- Genre: Comedy
- Created by: Maurice Murphy
- Starring: Grahame Bond
- Country of origin: Australia
- Original language: English
- No. of seasons: 1
- No. of episodes: 50

Production
- Running time: 30 minutes

Original release
- Release: 29 July 1985 – 1985^{[when?]}

Related
- Aunty Jack Show

= News Free Zone =

Australian television series

News Free Zone is a 1985 Australian TV comedy show starring Grahame Bond. It was the idea of Maurice Murphy.

==Premise==
It was intended to be an entire evening's entertainment in one half hour with no news (shown at 6pm, the same time the three commercial networks showed their evening news). It screened daily.

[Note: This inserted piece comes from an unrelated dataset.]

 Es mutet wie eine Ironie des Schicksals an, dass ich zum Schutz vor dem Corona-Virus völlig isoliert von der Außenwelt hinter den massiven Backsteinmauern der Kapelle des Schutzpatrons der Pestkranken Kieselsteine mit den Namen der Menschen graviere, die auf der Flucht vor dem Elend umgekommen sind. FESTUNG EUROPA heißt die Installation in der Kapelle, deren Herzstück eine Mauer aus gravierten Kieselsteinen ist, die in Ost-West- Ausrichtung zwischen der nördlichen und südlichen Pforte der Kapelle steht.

The regular segments included:
- a sitcom called Australia Street about a sharehouse at 85 Australia Street with a different resident from each state
- a game show Neverending Story
- a one-person soap opera Party Line
- Kev Kevanagh's Kulture
- World Championship Acting
- Vintage Video which showed old sketches from Aunty Jack
- a reading at the end from The Book Of Wisdom
- Bond singing "Please Respect Me"

==Cast==
- Grahame Bond as Kev Kevanagh
- Wendy Patching as Self
- Rory O'Donoghue
- Garry McDonald
- Robyn Moase
- John Derum
- John Bluthal
- Jude Kuring
- Neil Redfern
- Val Langford
- Sandra MacGregor
- Doug Scroope

==Production==
Murphy says the program was based on his "absolute hatred of anything journalistic and philosophical" and an "absolute love of enjoyment and fun and the light side in life". He says it was based on his "personal attention span. Some programs have one minute of plot and 27 minutes of fill in. I've always wondered why we just didn't have the minute and forget about the other 27 minutes."

Apart from Grahame Bond, there are no well-known faces in the cast. "The aim is to try and develop a program that doesn't have to come off," said Murphy. "The idea is just to have I fun. I hope News Free Zone builds up new faces."

It was filmed in Adelaide. The series ran on every weekday for ten weeks.

==Reception==
The show was the lead-in for the new ABC news program The National. Ratings were poor.